*** Opening of COLLECTED DATA ***
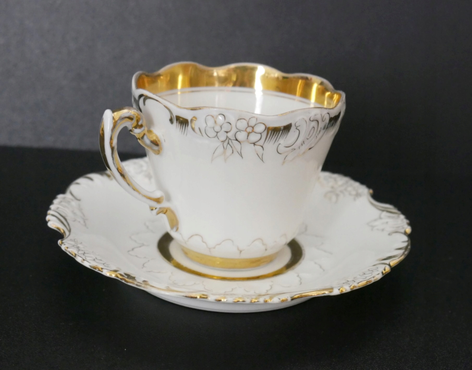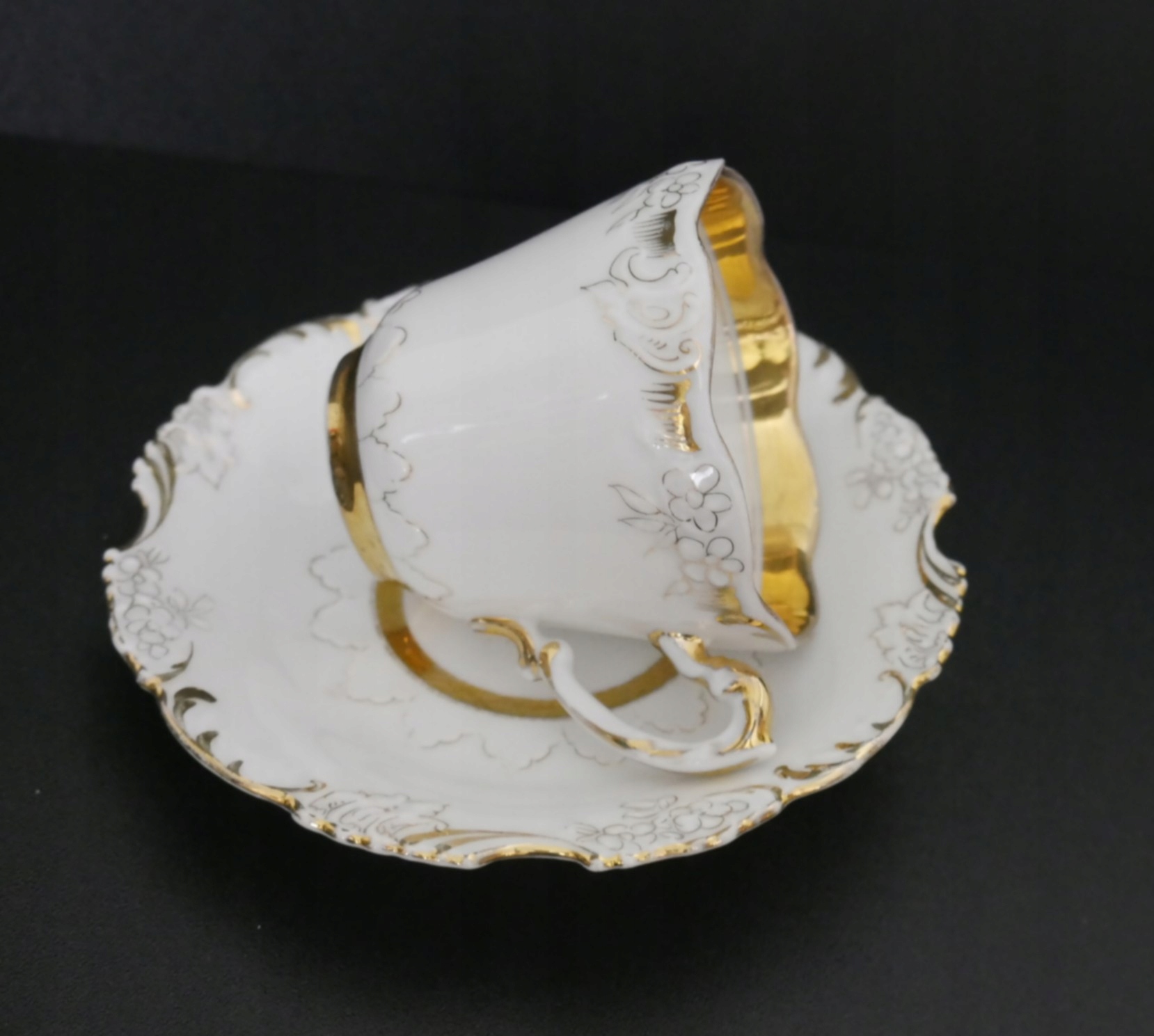 біла порцеляна, тонка, прозора, рельєфи підкреслені сусальним золотом
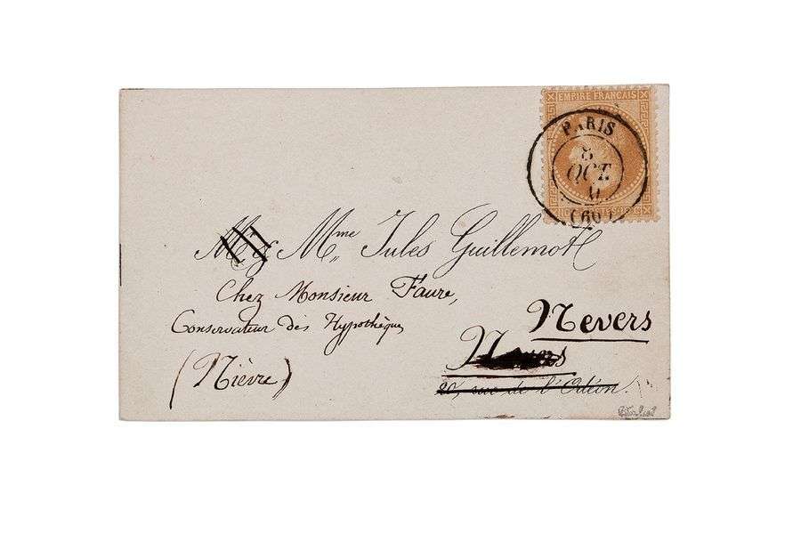 10c lauré obl. rare càd type 15 PARIS (60) 8 OCT. 70 sur petite carte datée du 7 octobre 1870 pour NEVERS sans arrivée. LE NOM DENOMME N°2 probable. Superbe
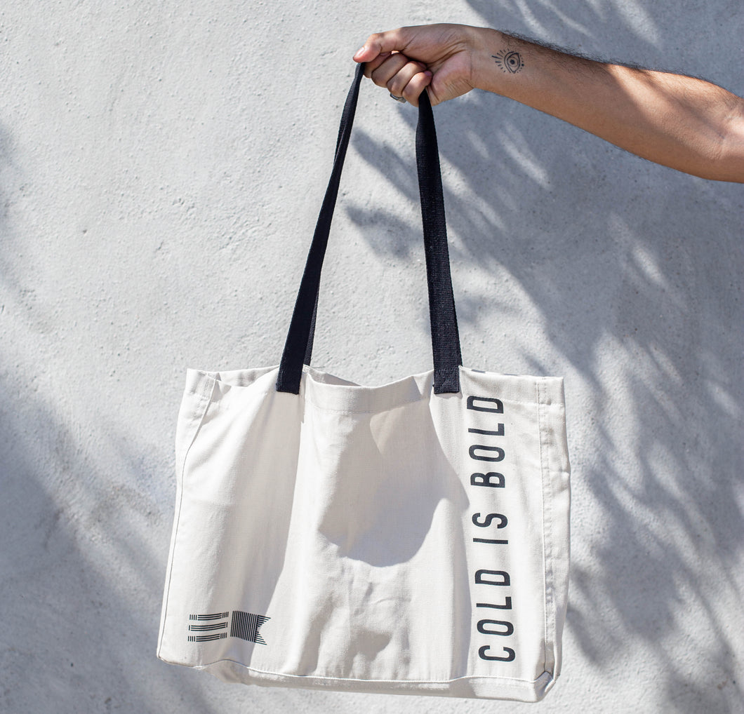 La Totebag COLD IS BOLD presenta banderas MANIFESTO y está confeccionada en una mezcla de algodón con cintas de algodón negro.
*** Close of COLLECTED DATA ***
#### WHAT YOU HAVE TO DO:
Output the data above without changes, apart from leaving out the pictures.

#### SOLUTION TO THIS EXERCISE:
 біла порцеляна, тонка, прозора, рельєфи підкреслені сусальним золотом
 10c lauré obl. rare càd type 15 PARIS (60) 8 OCT. 70 sur petite carte datée du 7 octobre 1870 pour NEVERS sans arrivée. LE NOM DENOMME N°2 probable. Superbe
 La Totebag COLD IS BOLD presenta banderas MANIFESTO y está confeccionada en una mezcla de algodón con cintas de algodón negro.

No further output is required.